[Records from a data source]

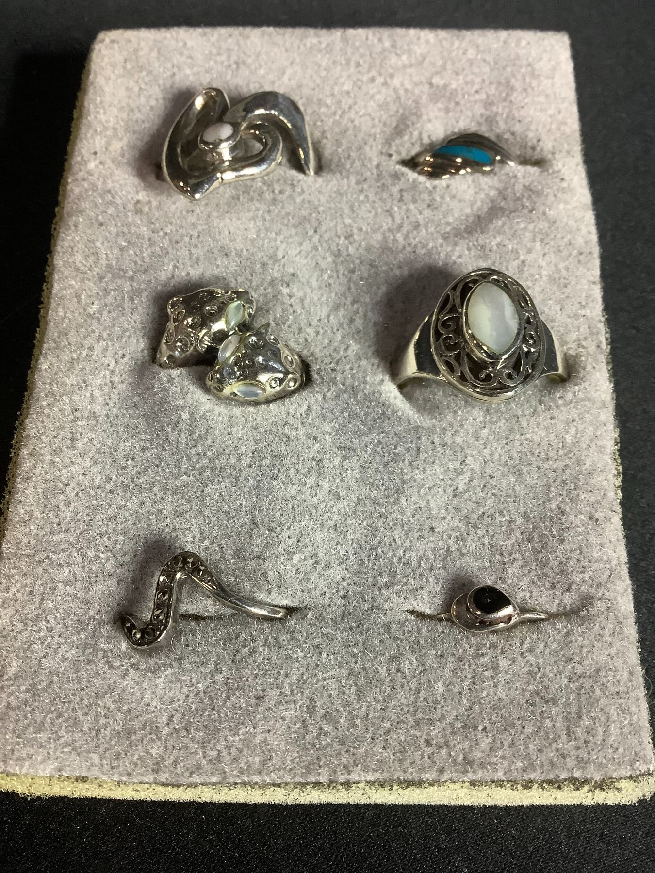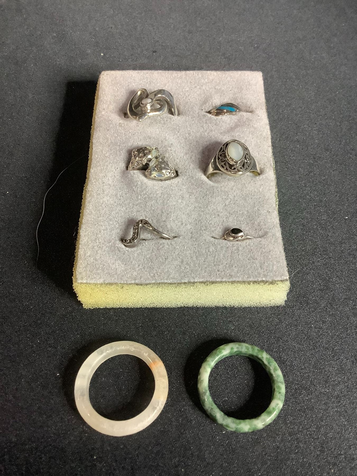 6 PIECES .925 STERLING SILVER RINGS (SOLID NO PLATED) & 2 GEMSTONE BANDS
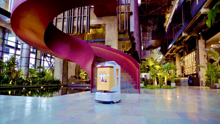 在首钢园香格里拉酒店的九号方糖配送机器人
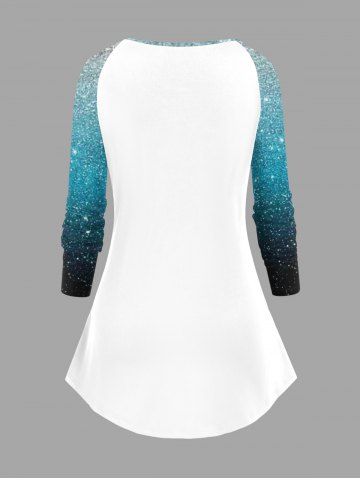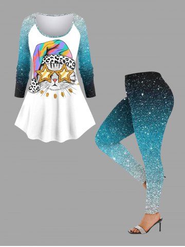 Plus Size Leopard Christmas Hat Star Cat Glitter Ombre Galaxy Print Long Sleeves T-shirt - White - 5x
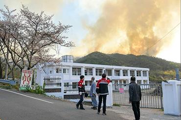 4일 오전 5시에는 ‘산불 3단계’로 격상시키고, 일출 후 진화헬기 12대와 진화차량 42대, 소방대와 31사단 군인 100명 등 인력 462명을 집중 투입해 산불 진화에 총력을 기울이고 있다.
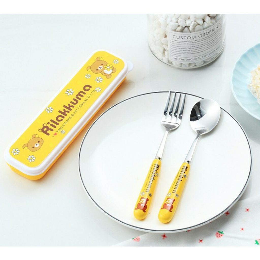 [H-371 ]KT Doreamon Rilak.kuma Cartoon Stainless Steel Spoon Fork Tableware Set
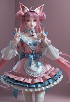 (score_9),<lora:小狸-Apony:0.85>,xiaohuli,solo,animal ear fluff,fox ears,double bun,long hair,twintails,pink hair,ahoge,hairband,earrings_ring,lipstick,choker,neck bell,frills,jewelry,earrings,maid dress,bow,belt,blue sash,thighhighs,white thighhighs,standing,<lora:perfect-eyes:0.8>,pink eyes,double v,fingernails,(pink_nails:1.1),(mature_female:1.1),mature,collarbone,<lora:e色温:0.5>,(white_skin),(fair_skin),<lora:e肤色滑块:0.5>,front view,light blush, simple background,(huge filesize:1.1),(wallpaper:1.1),(game cg:1.1),rim light,pink background,<lora:Expressive_H:0.8>,<lora:detailed_notrigger:1>,<lora:皮肤凹痕:1.2>,<lora:身材滑块:1>,
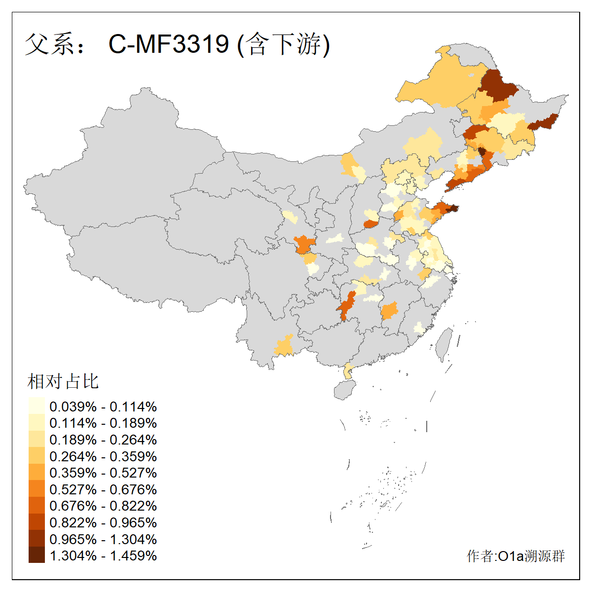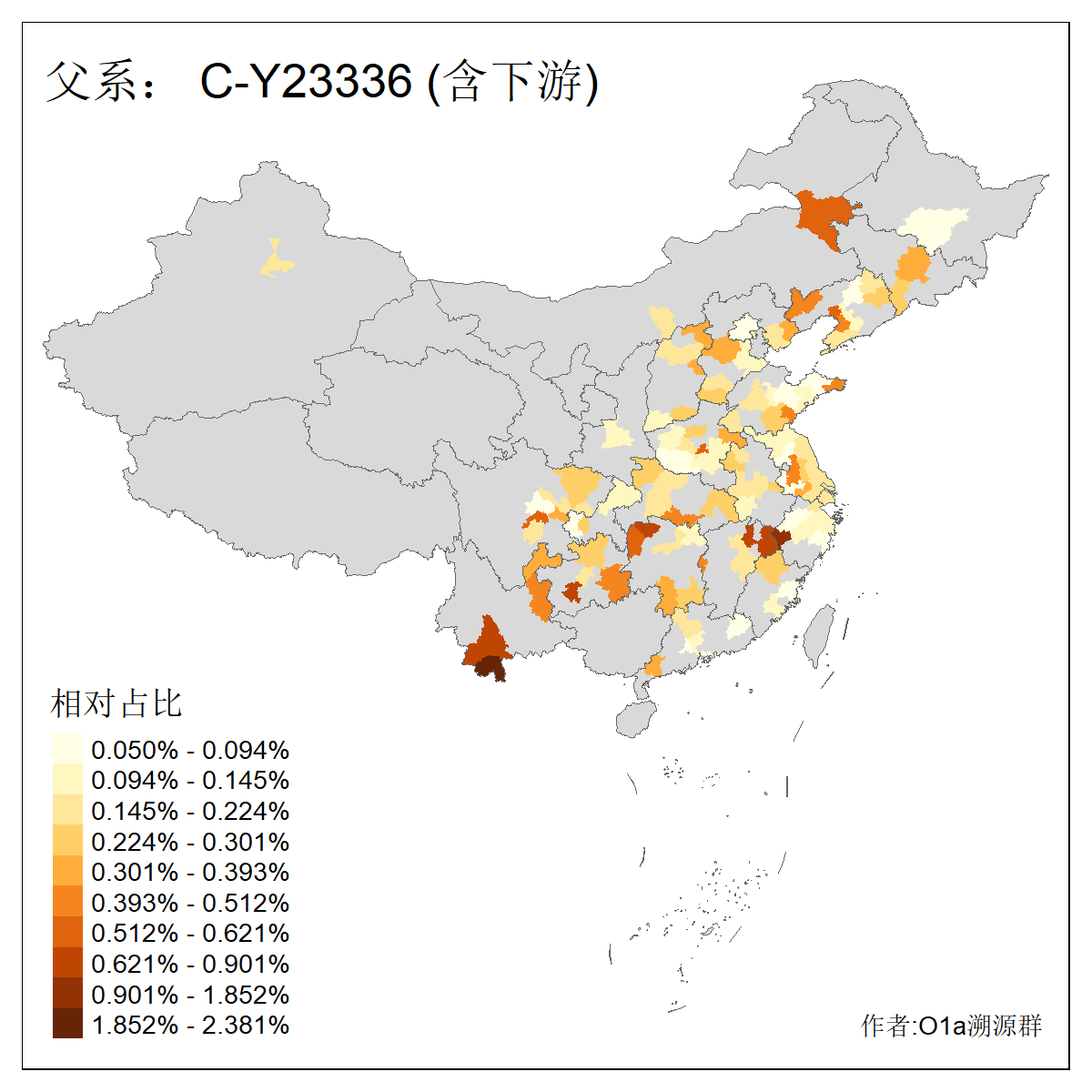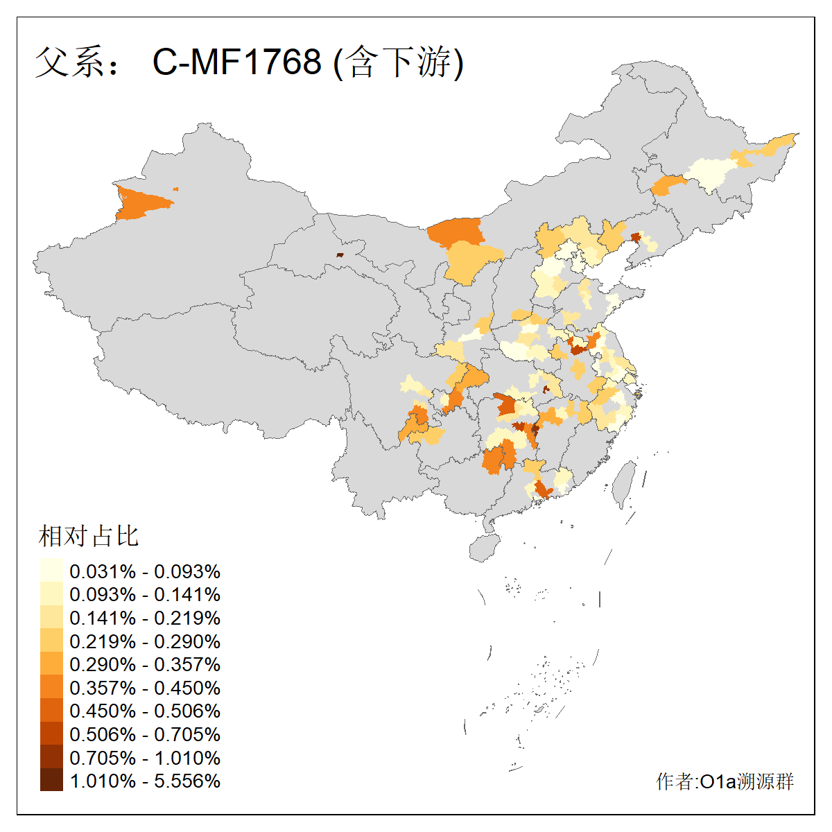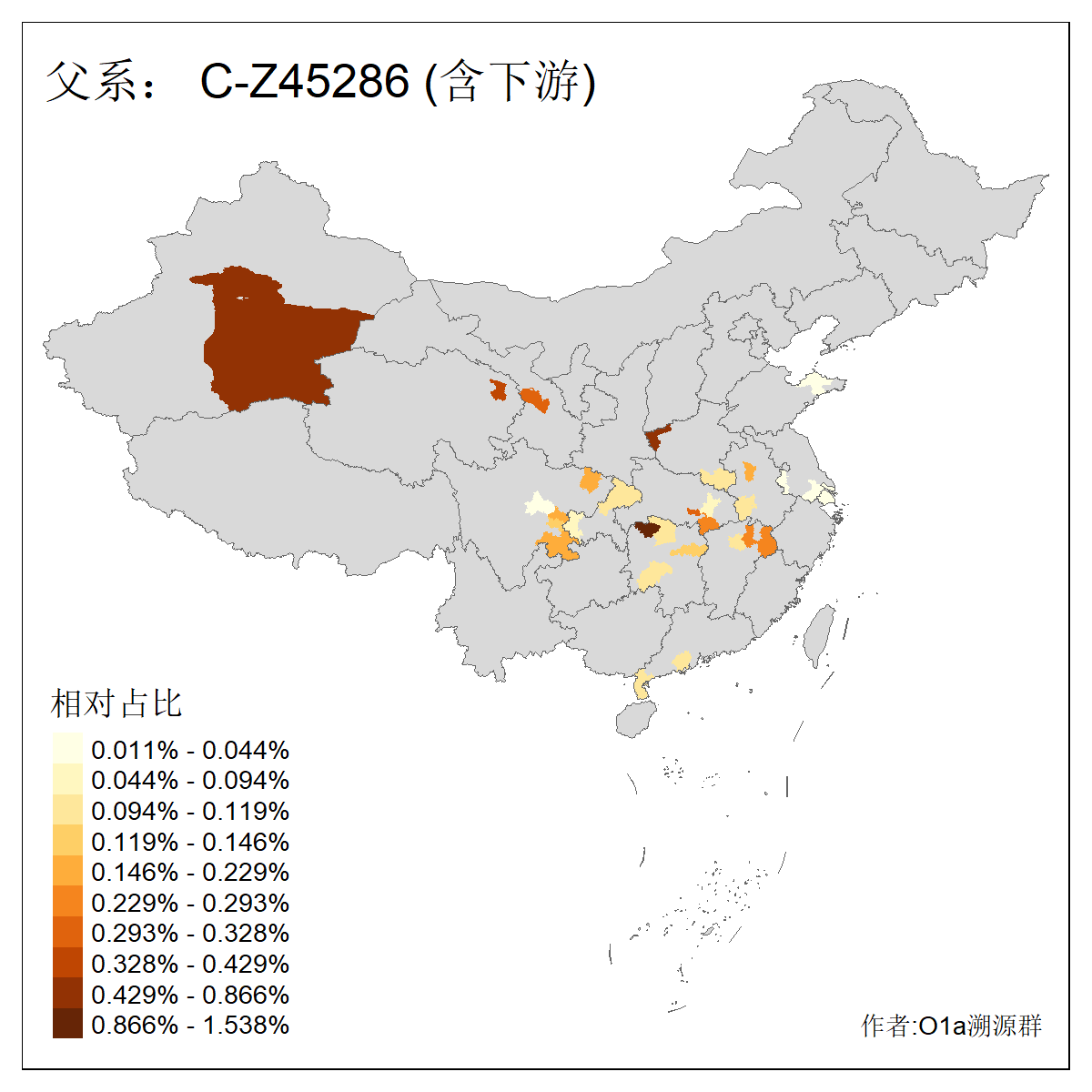 | C-M130_C-M217_C-F1067_C-CTS2_C-F978_C-F3895_C-CTS2657_C-A14901_C-A14909_C-A14908 | 7120 | 0.173% | 443人(含下游) 李:38 王:32 陈:28 张:25 刘:21 周:16 郑:16 杨:13 徐:12 吴:10 董:9 胡:8 袁:8 黄:8 ![]() | 21人(不含下游) 刘:4 周:2 高:2 严:1 凌:1 商:1 张:1 徐:1 李:1 梅:1 田:1 薛:1 贾:1 郭:1 ![]() |

**YOUR INSTRUCTIONS**
Begin at the first line of the records and please reproduce every line exactly through the one containing "[H-371 ]KT Doreamon", leaving all pictures out.

**SOLUTION**
 6 PIECES .925 STERLING SILVER RINGS (SOLID NO PLATED) & 2 GEMSTONE BANDS
 在首钢园香格里拉酒店的九号方糖配送机器人
 Plus Size Leopard Christmas Hat Star Cat Glitter Ombre Galaxy Print Long Sleeves T-shirt - White - 5x
 4일 오전 5시에는 ‘산불 3단계’로 격상시키고, 일출 후 진화헬기 12대와 진화차량 42대, 소방대와 31사단 군인 100명 등 인력 462명을 집중 투입해 산불 진화에 총력을 기울이고 있다.
 [H-371 ]KT Doreamon Rilak.kuma Cartoon Stainless Steel Spoon Fork Tableware Set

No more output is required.